# Approximations Flashcards

1
Q

Provide two important parameters of probabilistic bounds

A

Epsilon (ϵ): Epsilon represents the error bound on the estimate. The computed answer will be within a factor of ϵ of the actual answer with a probability of at least 1-δ. In other words, a smaller epsilon value means a more accurate estimate, while a larger epsilon value indicates a less accurate estimate.
(Depending on the sketch) Note that the error bound is proportional to the actual answer, so the relative error becomes smaller as the actual value increases depending on the sketch)

Delta (δ): Delta represents the confidence level of the estimate. With a probability of at least 1-δ, the computed answer will be within the error bounds specified by epsilon. In other words, a smaller delta value indicates a higher confidence level in the accuracy of the estimate, while a larger delta value represents a lower confidence level.

2
Q

Summarize the difference between Equi-width and Equi-depth histograms.

A

Equi-width: Divide the distinct values of your dataset into equally sized buckets in order. e.g. for width = 4, [1..8] -> [[1..4], [5..8]]. If we’re interested in frequencies, we count the frequencies of the whole bucket. The information that is stored per bucket is the starting and ending number and the frequency. We lose information as we cannot tell anything about the internal distribution of the values contained in a bucket.
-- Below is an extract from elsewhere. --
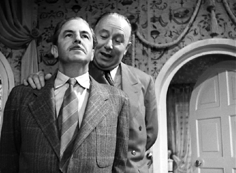 Au total, c’est cependant Seigner, l’optimiste, qui prend le dessus, à la fois aux yeux du spectateur (le personnage, débonnaire, est plus sympathique que son collègue hystérique) et dans son travail : il dénigre toutes les propositions de son compère – qui ne lui oppose du reste guère de résistance – et il impose finalement son point de vue. Le début du film est justement d’une intéressante ambiguïté : on croit d’abord à une attaque contre la censure qui vient de rejeter leur travail (« Nous n’avons plus qu’une liberté, celle de lutter pour la libération de la liberté, se désole Crémieux »). Mais rapidement il apparait que cette censure est venue pallier l’absence d’auto-censure d’un mauvais auteur qui se vautre dans le pire sensationnalisme (le scénario en question faisait intervenir une prostituée « qui fait des miracles sans quitter le trottoir », un archevêque et une petite fille, etc.). Son absence de discernement est du reste à nouveau stigmatisée lorsqu’il décrète comme lamentables sujets de films des faits divers lus dans le journal, et en lesquels on reconnaît l’histoire du Voleur de bicyclette et celle du Petit Monde de Don Camillo ! [Julien Duvivier « Le mal aimant du cinéma français » Vol 2 : 1940 – 1967 – Eric Bonnefille – Edition L’Harmattan – 2002]

Equi-depth: Instead of grouping on the number of distinct values in the dataset, we group by the weight of each distinct value, so that we get equally large buckets.The bucket size will be fixed on a number but if one value has a high frequency, than the bucket will contain a larger portion of this value.

3
Q

Is the equi-width or equi-depth histogram more accurate? Which can be used for guaranteeing accuracy?

A

Equi-width cannot do that. Because the estimation you will be given will be the size of the bucket over the length of the bucket. for example if the size is 16 (frequency is 16) and the length is 2 (there are 2 distinct values in this bucket), the maximum error will be related to the size of the bucket

4
Q

How can histograms be used to estimate the join cardinality? What is the issue with this?

A

When you have two columns of data, the join cardinality can be estimated (inaccurately) by calculating the histograms over each columns. Then, sum up the element-wise products of the histograms to get an estimation on the join cardinality.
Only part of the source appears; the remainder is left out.